The save_all_perms = TRUE
will save all visited
permutations in the outputted object, which significantly increases the
required RAM. For instance, with \(p=150\) and max_perm = 150000
,
we needed 400 MB to store it, whereas
save_all_perms = FALSE
only required 2 MB. However,
save_all_perms = TRUE
is necessary for
return_probabilities = TRUE
or more complex path
analysis.
We are also considering implementing the First approach from [1] in the future. The Markov chain travels along cyclic groups rather than permutations in this approach.
We encourage everyone to discuss on available and potential new optimizers on ISSUE#21. One can also see why some optimizers were implemented but not yet added to gips there.
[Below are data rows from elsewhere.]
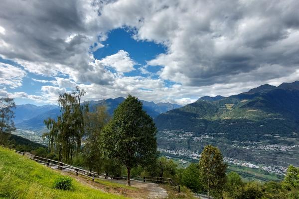 Il sentiero corre pressoché pianeggiante a metà montagna, a quota 900 metri, attraverso il Parco delle Orobie Valtellinesi, dove si alternano splendidi scorci delle Alpi Retiche, piccoli torrenti e angoli incontaminati di bosco.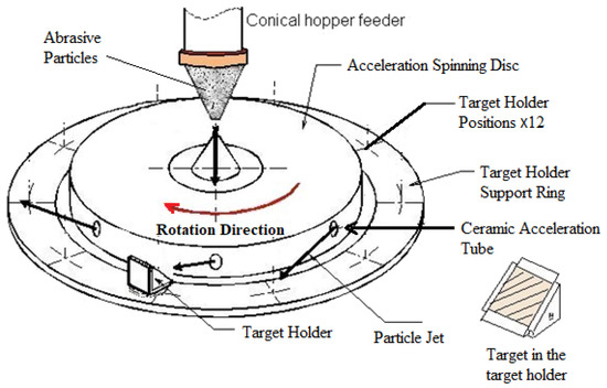 A centrifugal erosion tester was used in this study, which was developed at the Wolfson Centre, University of Greenwich, UK [27]. As shown in Figure 2, it consists of a feeder, a spinning disc with ceramic acceleration tubes inside, target holders which hold the test targets at desired angles and a control unit to drive the spinning disc at designed rotational speed so the particles can be accelerated to a designed impact velocity. Erodent particles are continuously fed into the spinning disc at the central feeding point of the disc and accelerated through the radical acceleration tubes by centrifugal force. The particle velocity is controlled by the rotational velocity of the disc. When the particles are ejected from the end of the tubes, the particles travel at the pre-set velocity and strike the target at a designed impact angle which is set by rotating the target holder. The detailed calibration of the impact velocity and impact angle can be found in the previous study [28].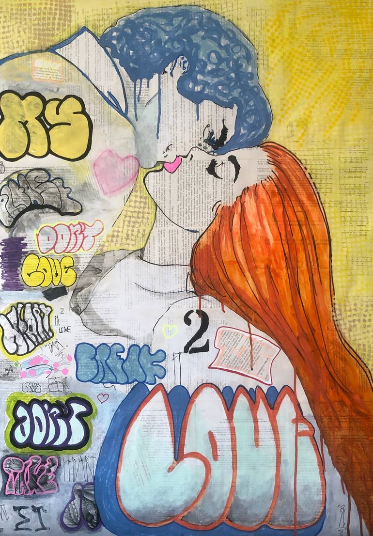 I'm a Brazilian mixed-media artist who likes pop culture, urban and vintage aesthetics. My work is primarily focused on collages made from discarded materials like office paper, old book pages and cotton textiles that I use as supports for my paintings. These materials allow for rich textures which give me te ability to mimic the impression of old walls with paint, poster fragments, and graffiti that have accumulated over time, in order to convey the influences of my art, mostly the pop art of the 1960s, the graffiti of the 80s/90s and the recent street art movement. Sharing beauty and upholding what is true and good are my goals, hoping that my art may uplift, bring joy and energize those who value my artworks.

[1] Piotr Graczyk, Hideyuki Ishi, Bartosz Kołodziejek, Hélène Massam. “Model selection in the space of Gaussian models invariant by symmetry.” The Annals of Statistics, 50(3) 1747-1774 June 2022. arXiv link; DOI: 10.1214/22-AOS2174
[2] “Learning permutation symmetries with gips in R” by
gips
developers Adam Chojecki, Paweł Morgen, and Bartosz
Kołodziejek, available on arXiv:2307.00790.